Valuation of Bioprospecting Samples: Approaches, Calculations, and Implications for Policy-Makers
Abstract: In this chapter, the revenue consequences of varying collection fees and royalties with regard to germplasm prospecting contracts are demonstrated. Principal factors are the uncertainty of finding marketable products and the value of these products. Negotiation factors are finding a good balance between collection (initial) fees as opposed to royalty (delayed) payments. Emphasizing collection fees reduces total payments except when national interest rates are very high. Reducing the risk of failure through in-country screening, including the use of indigenous knowledge, is a potentially valuable activity. Issues for contract negotiators are outlined and the implications for biodiversity conservation discussed. Conceptually, the highest valuation approach, royalties, will most encourage conservation, but as the future is typically heavily discounted, collection payments may get more attention and be most effective. Policy considerations for national governments, nongovernmental organization (NGOs), and development agencies are reviewed and it is concluded that grants/loans and training/equipment for in-country screening should be given a high priority as a potentially viable activity in the long term.

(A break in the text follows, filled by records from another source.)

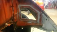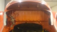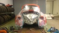 Så blir det å slipe/ matte ned motorrommet utenom rundt rammene da det ble gjort i stad, før grunning og lakkering av motorrommet.  bakskjerm spissene får en runde med steinsprut beskyttelse før lakk.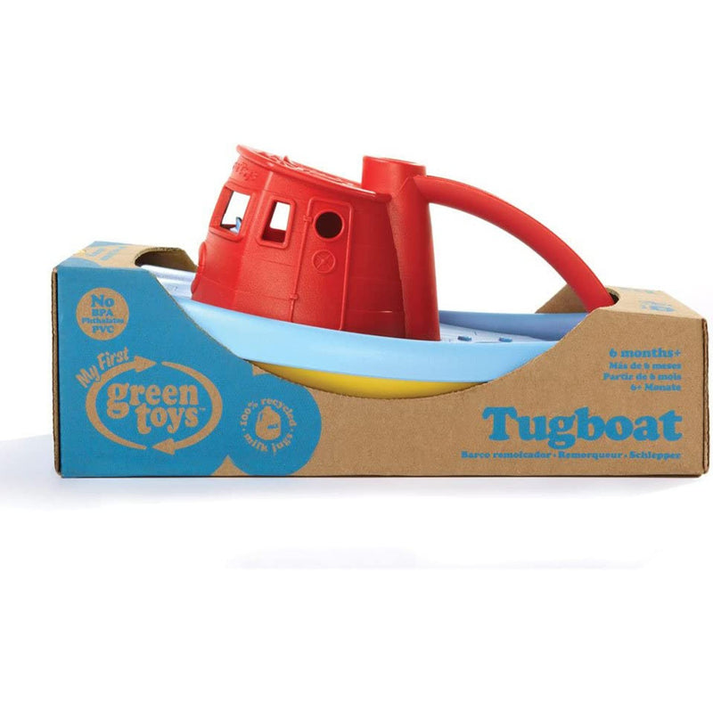 Embark on a cruise across the bathtub. Navigate the wading pool. Even splash around in the occasional mud puddle. There’s no end to the Good Green Fun young sailors can have with the Green Toys Scoop and Pour Fun My First Classic Tug Boat. It is made with 100% recycled plastic milk containers that save energy and reduce greenhouse gas emissions in production and provide safe play for your child. This colourful boat floats great, making it the perfect toy for water play in the tub, the pool, and even at the beach. It has a handle from the wheelhouse to the back deck and a wide-mouth spout at the front to scoop and pour water. Kids love making waterfalls out of the spout, while parents love that it makes bath time (especially hair washing!) fun and enjoyable.Like all Green Toys products, the Tugboat is manufactured in the USA. PRODUCT DIMENSIONS: 4.5 x 9.25 x 4.5 inches WEIGHT: 7.05 Ounces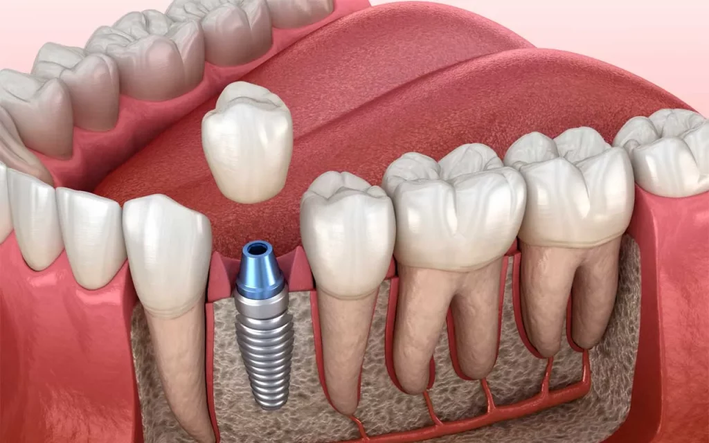 Un implante dental es una pieza de titanio o zirconio que se coloca en el hueso maxilar para sustituir la raíz del diente perdido. Sobre este implante se fija una corona que imita la forma y el color del diente natural, logrando una integración perfecta con el resto de la dentadura.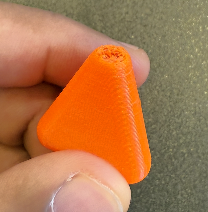 Some key things, the support inside the triangular cave seems hard to remove and the top of the print didn’t print cleanly. I think that might be because my infill was too little causing the dome creation to not have a adequate base.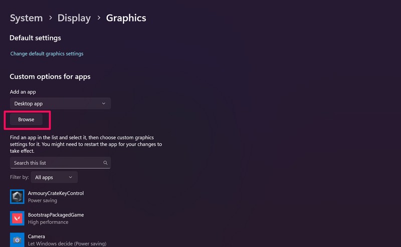 10.Для цього спочатку клацніть поле підДодайте програмуна сторінці «Графіка» програми «Параметри» на пристрої з Windows 11.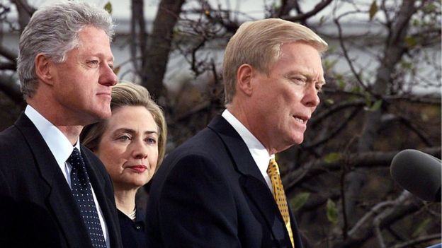 ![]() Khác với ông Trump, tỉ lệ ủng hộ cựu Tổng thống Clinton khi bị đưa ra luận tội rất cao. Trong ảnh, ông Clinton, phu nhân Hillary và Lãnh đạo phe thiểu số Hạ viện Dick Gephardt phát biểu sau khi Tổng thống bị luận tội. |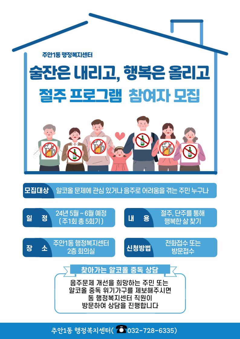 2024년 「술잔은 내리고, 행복은 올리고」 관내 절주프로그램을 시행하오니 많은 참여 부탁드립니다.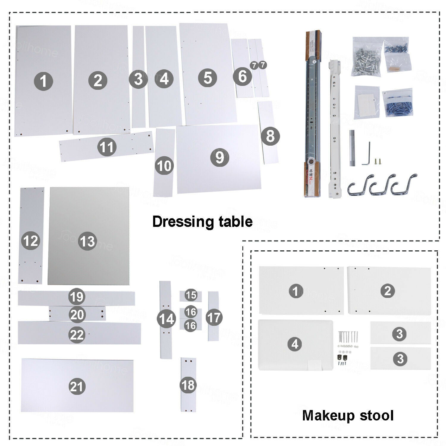 Features: Flat Pack, Mirrored, With Mirror, With Stool

It should be noted that the figures and calculations in this chapter are merely for illustration. The valuation of samples, and by extension a country’s biodiversity, is a negotiation and will depend on many factors, including alternative investment options by a company, alternative technologies that could be used for lead compounds, interest rates, and a range of risk factors, such as the political situation in a given country surrounding the national debate on bioprospecting. The latter point is a key factor: valuation is always a calculation that has important political consequences. Another complicating factor is the need for confidentiality with which a country and company will hold its overall business estimates. Neither a company nor a country will be likely to share their valuation basis purely for negotiation purposes and because neither want to tip off other entities about the opportunity. It is therefore concluded that, from a practical perspective, the proper valuation is the one that (1) provides the country with compensation and other benefits such that it does not feel taken advantage of and can withstand criticism from its constituents and (2) provides the licensee (typically a company) with a reasonable cost of obtaining the crucial raw or semifinished goods it requires as an input to its business.